В наше время для удержания абсолютной власти не обязательно строить новые концентрационные лагеря и расстреливать людей сотнями тысяч. Современные технологии позволяют осуществлять тотальный контроль за каждым, даже эффективнее, чем при Сталине.

Собственно, это уже происходит. Огромный репрессивный аппарат, от национальной гвардии до Центра «Э», не может сидеть без дела. В силу внутренних бюрократических законов эти люди вынуждены открывать все новые и новые дела вплоть до самых абсурдных, как в случае с подростками, намеревающимися «взорвать» здание ФСБ в игре «Майнкрафт».

К сожалению, я не смотрю в будущее России с оптимизмом.

Когда-то казалось, что если Путин уйдет, то во власти найдется достаточно либеральных прозападных политиков, которые поведут Россию по, условно говоря, цивилизованному пути. Тем более что в 90-х была создана для этого экономическая и правовая база. К сожалению, эта точка давно пройдена. У власти пребывают мафиозные и спецслужбистские кланы, а Путин является посредником или арбитром, через которого они договариваются о разделе зон интересов, чтобы не воевать впрямую друг с другом. Про так называемых «системных либералов» рассуждать столь же бессмысленно, как и про «системную оппозицию» в Думе. Они давно превратились в такую же прислугу режима, хотя пока еще и сдерживают российскую экономику, чтобы она не пошла вразнос.





И новому Горбачеву взяться неоткуда.

Что касается реальной оппозиции, то, к сожалению, ее влияние крайне незначительно. Все силы карательного аппарата брошены на борьбу с ней, и сейчас она практически нейтрализована.

А самое главное и самое печальное — это пассивность российского народа.

Все последние годы российская власть боролась не только с оппозицией, но и с любыми формами гражданского общества. И вот результат: российский народ разобщен, запуган и задавлен. Ничто не может вывести его на улицы — ни пенсионные реформы, ни отсутствие помощи со стороны государства в эпоху коронавируса, ни беспредел в Беларуси. Следует признать: большинство населения устраивает такая жизнь. А те, кого она не устраивает, терпят и приспосабливаются.

Впрочем, даже если на улицу выйдет миллион протестующих, нынешние захватившие власть бандиты, в отличие от советских коммунистических вождей в 1991 году, не колеблясь отдадут приказ открыть огонь по толпе.

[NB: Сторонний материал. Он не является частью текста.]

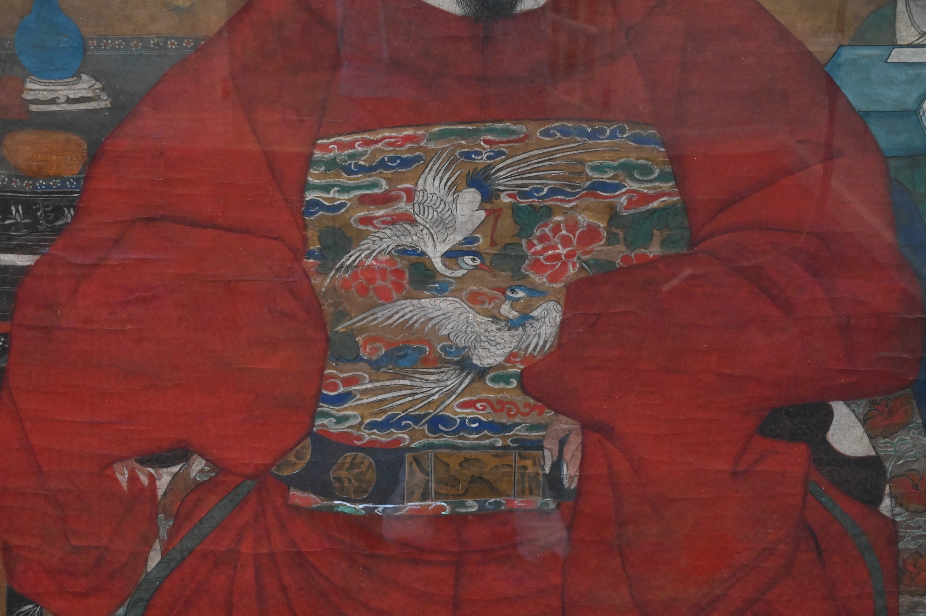 A monumental ancestral portrait depicting a Ming official seated frontally in richly embroidered red court robes with crane motif, his rank badge clearly visible at chest, attended by a standing figure at his side. Painted with the formal precision and solemnity characteristic of ancestral portraiture, this large-scale scroll would have been created for domestic veneration, affirming lineage and filial piety.

Теоретически можно допустить, что начнутся национальные волнения на Северном Кавказе, в Татарстане, народные бунты в отдаленных от Москвы регионах, что приведет к дальнейшему развалу России. Но пока что власть всеми силами стремится предотвратить подобный сценарий. Чечня, которую федеральный центр заваливает деньгами, — яркий пример такой политики. К тому же, как известно, бунт в России «бессмысленный и беспощадный», и рассчитывать на то, что он принесет позитивные перемены, тоже бессмысленно.

Наиболее вероятный сценарий — дальнейшее закукливание режима и закручивание гаек, политическая монолитность, убогий образ жизни большинства населения при наличии сверхбогатой элиты.

Впрочем, можно оставить маленький лучик надежды и напомнить, что в России многие революционные перемены происходили вопреки исторической логике и прогнозам профессиональных историков и политологов.

Глава 19.

Войны за память

В последние годы Россия переживает очередной пересмотр своего прошлого. История вновь стала делом государственным и вновь поставлена на службу политике. Пересматриваются учебники, формулируется официальная, «правильная» версия минувших событий. Учреждаются комиссии по историческому просвещению. Звучат знакомые до боли советские формулировки о патриотическом воспитании.

Я учился в школе в 60-70-х годах, в так называемую эпоху застоя. К тому времени уже закончилась хрущевская оттепель, официальная историческая наука и школьные учителя стали забывать недавние разоблачения злодеяний сталинской эпохи. В учебниках писали о «нарушениях социалистической законности» в 30-х годах, а «Один день Ивана Денисовича» Солженицына[121] постепенно изымали из библиотек. В открытую Сталина не реабилитировали, но на экраны в 1970 году вышел фильм «Освобождение», где впервые за много лет на экране появлялся генералиссимус в образе мудрого стратега и военачальника, ведущего советский народ от победы к победе.